Motion along a straight line, typically designated as the $x$ axis, is defined by the displacement of a particle from an initial position $x_i$ to a final position $x_f$ . The displacement, denoted as $\Delta x$ , is calculated as $\Delta x = x_f - x_i$ . The magnitude of displacement is the absolute value of this difference, $|\Delta x|$ , whereas the sign of the displacement indicates the direction of motion relative to the origin. For example, if a particle moves from $x_i = -4\,m$ to $x_f = 4\,m$ , the displacement is $8\,m$ , which represents a larger magnitude than moving from $x_i = 4\,m$ to $x_f = 6\,m$ ( $2\,m$ ) or from $x_i = -4\,m$ to $x_f = -8\,m$ (magnitude of $4\,m$ ). Negative displacement occurs whenever the final coordinate is less than the initial coordinate, such as moving from $x_i = -4\,m$ to $x_f = -8\,m$ , resulting in $\Delta x = -4\,m$ .

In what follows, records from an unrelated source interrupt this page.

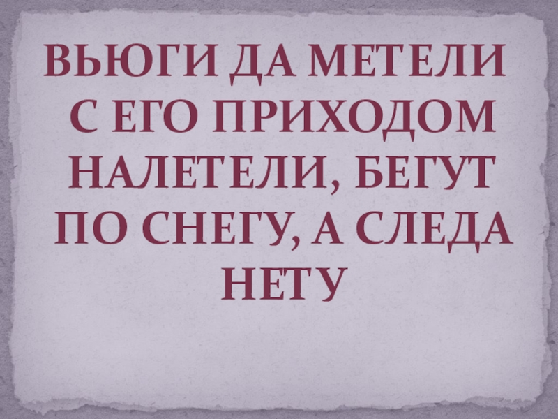 Слайд 11Вьюги да метели с его приходом налетели, бегут по снегу, а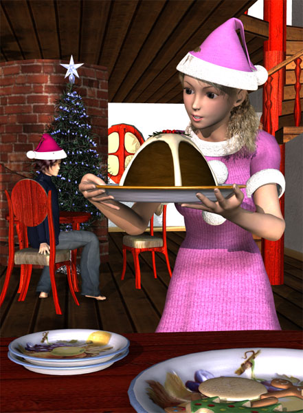 A3を置いて、服を着せて、ツリーを呼び出して(確か、コンパラで昨年、無料で配布していた。今はどうだろう?)、なんだか画面が寂しいので、レンダロでクリスマスな食べ物(Christmas Freebie 2008 - Holiday Goodies)をダウンロードして机の上に並べたり、A3に持たせたり。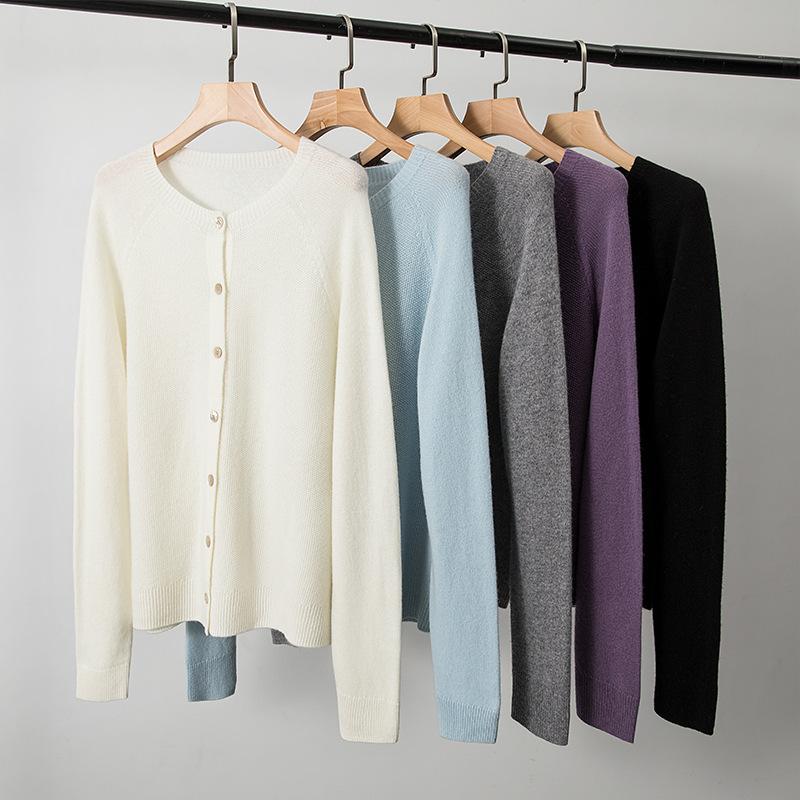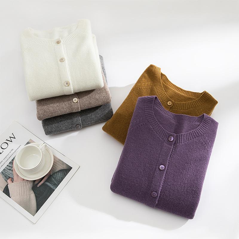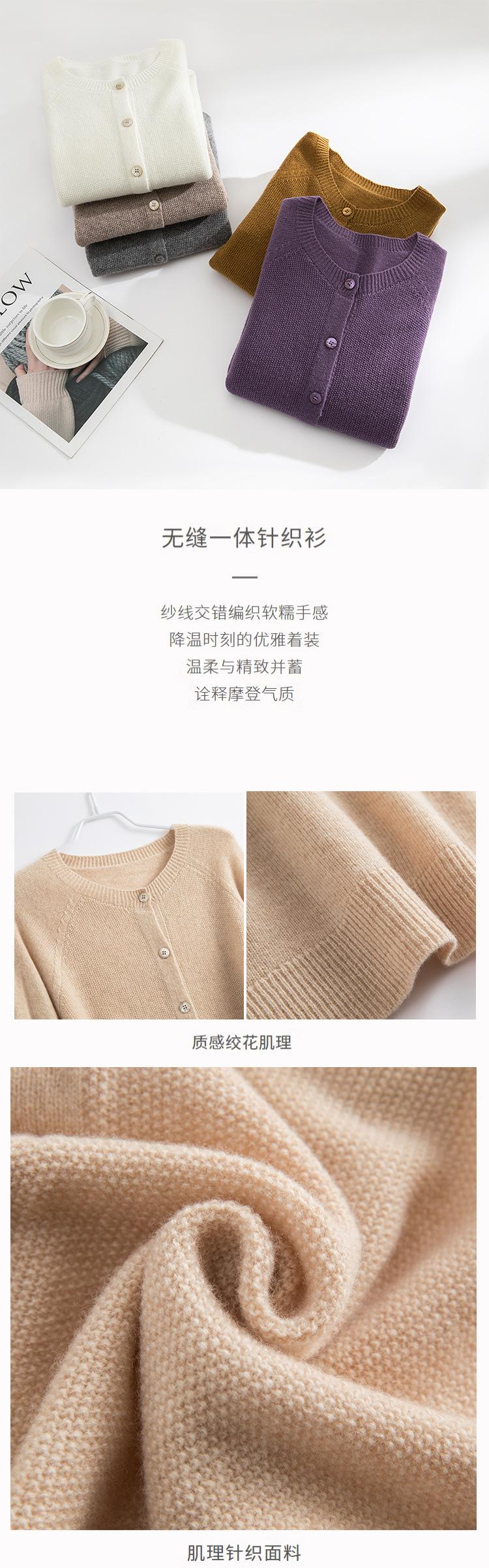 [Hengjia Hj] Suéter de Punto de Cuello Redondo para Otoño e Invierno Cárdigan de Punto para Mujer de Una Pieza Sin Costuras con Botonadura Sencilla 100

Average Speed and Velocity in Linear Motion

Average speed is a scalar quantity defined as the total distance covered during a specific time interval divided by that time interval. It does not account for direction and is not necessarily equal to the magnitude of the average velocity. Average velocity is a vector quantity defined as the displacement divided by the time interval: $v_{avg} = \frac{\Delta x}{\Delta t}$ . In a round trip scenario, such as a car traveling $50\,km$ from a point called "Hither" to "Yon" and immediately returning to "Hither" over a total of $2\,hours$ , the total displacement is $0\,km$ , making the magnitude of the average velocity $0\,km/h$ . However, the total distance covered is $100\,km$ , resulting in an average speed of $50\,km/h$ .

For multi-stage trips with varying speeds, the average speed must be calculated using the total distance and total time. For instance, if a car travels $40\,km$ at $80\,km/h$ (taking $0.5\,hours$ ) and then another $40\,km$ at $40\,km/h$ (taking $1.0\,hour$ ), the total distance is $80\,km$ and the total time is $1.5\,hours$ . The average speed for the entire trip is $\frac{80\,km}{1.5\,h} \approx 53.3\,km/h$ .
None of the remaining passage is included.